WORLD ECONOMIC DEVELOPMENT AND PLANNING
At the end of this chapter, students should be able to:
Explain the meaning of economic development planning.
- Differentiate between types of economic planning.
- Explain the importance of economic planning in National development.
DEFINITION OF ECONOMIC PLANNING
Economic planning may be defined as government’s conscious formulation of economic policies for the allocation of resources to all sectors of the economy over a period of time. This brings about sustained growth in the economy.
AIMS AND OBJECTIVES OF ECONOMIC PLANNING OR REASONS WHY COUNTRIES EMBARK ON DEVELOPMENT PLANS
- To increase the level of employment: A good economic plan will ensure the increase in the level of employment in the economy.
- To develop efficient technology: A good economic plan can promote a better and efficient technology.
- To increase the real income of citizens: The real income of the citizens can easily be increased through a good economic planning.
- Equitable allocation of resources: Development plan is aimed at equal allocation of the country’s resources to all sectors of the economy.
- Diversification of the economy: Through good development planning, Nigeria’s economy will be diversified to many sectors.
- To bridge the gap between the rich and the poor: A good economic planning ensures distribution of income more evenly among individuals and the socio-economic groups.
- To achieve economic self-sufficiency: Through good development planning offers the essential mechanism for overcoming some obstacles to economic development.
- To ensure economic growth: Development planning offers the essential mechanism for overcoming some obstacles to economic development
- To reduce foreign control of the economy: A good development planning will assist to reduce foreign control or dominance of the nations economy.
- To ensure joint business participation: A good development planning will increase the participation, of citizens in the ownership and management of productive enterprises
- To reduce rural-urban migration: A good development planning will also ensure that movement of people from rural to urban centres is reduced.
TYPES OF ECONOMIC PLANNING
There are different types of economic planning and they are:
his type of economic planning involves the distribution of national income to various sectors of the economy.
Strategic planning: This is the type of planning which is directed to meet certain objective in the economy.
Comprehensive economic planning: This is the type of planning aimed at setting some targets to cover all major aspects of the national economy.
Partial economic planning: This is the type of planning targeted at specific segment of the national economy e.g. plans to boost agricultural production.
Controlled economic planning: This is also known as authoritarian planning common with socialist economic system in which government formulates and executes plans for the economy.
WAYS OF FINANCING ECONOMIC DEVELOPMENT IN NIGERIA
Internal borrowing, e.g. from banks.
Aids and grants from international economic organisations.
Loans from international financial institutions, e.g.

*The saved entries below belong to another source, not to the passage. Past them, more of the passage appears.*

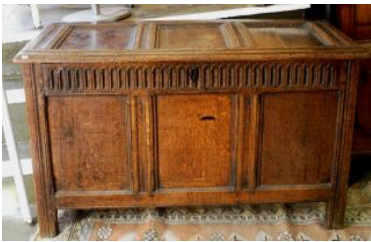
Lot # 232

231 19th century oak long cased clock. $700 - $900
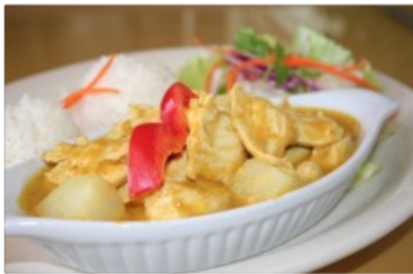
# 5 CHICKEN CURRY
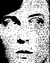
By The Associated Press

Glass Panel Mysteriously Shattered at Home of Princess Royal, British King's Only Sister
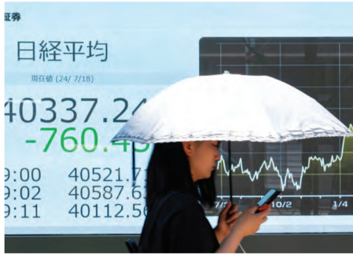
A woman walks past an electronic board displaying the numbers of the Tokyo Stock Exchange share price in Tokyo

down 0.7% approaching midday. Wall Street's main stock indices tried to push higher in morning trading but failed to hold onto gains.
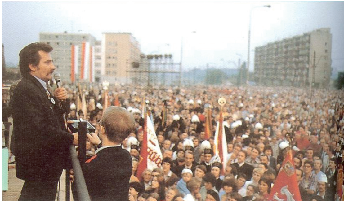
A photograph of Lech Walesa, the 'Solidarity' leader, speaking at Gdansk in 1980.

8 Look at the photograph, and then answer the questions which follow.
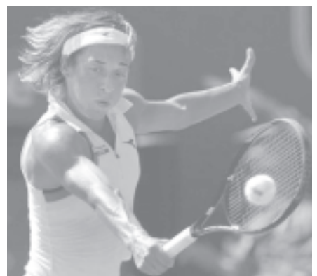
Italy's Francesca Schiavone returns a shot to Spain's Conchita Martinez during the quarterfinals of the JP Morgan Chase Open WTA tennis tournament in Carson, California, on 12 August, 2005.

This ban is a punishment for violence at a June qualifying match against Morocco in Nairobi. Before the 18 June match, overzealous Kenyan fans waiting outside of the Nyayo Stadium lost patience and broken into the stadium. During the chaos, a 15-year-old school boy was stampeded to death and scores were injured. — MNA/Xinhua
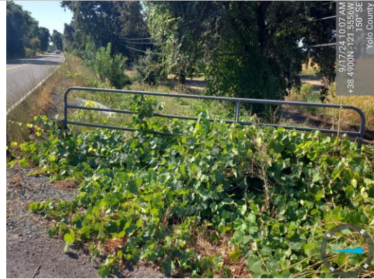
Ramp and gate on the LS slope. Fall 2024
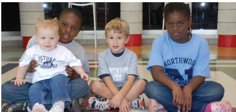
Developing FUTURE Leaders!
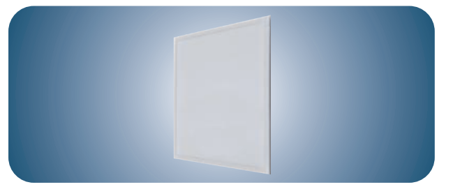
CD EDGE-LIT PANEL
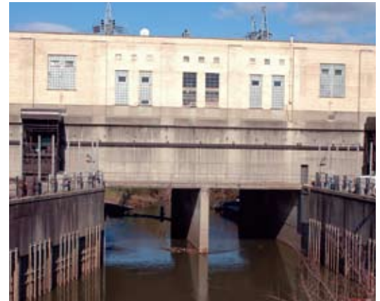
Beargrass Flood Pump Station
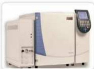
Gas Chromatograph Trace 1110, ThermoFisher
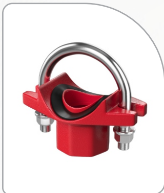
Small Mechanical Tee

IMF and World Bank.
Government savings and reserve.
Through budget surplus.
Revenue generated from investments.
Privatisation and commercialisation of government-owned business enterprises.
PROBLEMS ASSOCIATED WITH ECONOMIC PLANNING IN WEST AFRICA
Problems facing development planners or associated with economic planning in West Africa include:
- Political instability: Political instability or frequent changes in government often leads to change in plans.
- Inadequate capital: Inadequate capital makes economic planning difficult to achieve.
- Misplacement of priorities: Resources are sometimes diverted to investments that yield no economic benefit to the people.
- Insufficient statistical data and information: Insufficient statistical data and information, which implies that most of the planning is done on wrong projection, is a problem associated with it
- Inadequate skilled personnel: Inadequate skilled labour and experts make plan implementation difficult.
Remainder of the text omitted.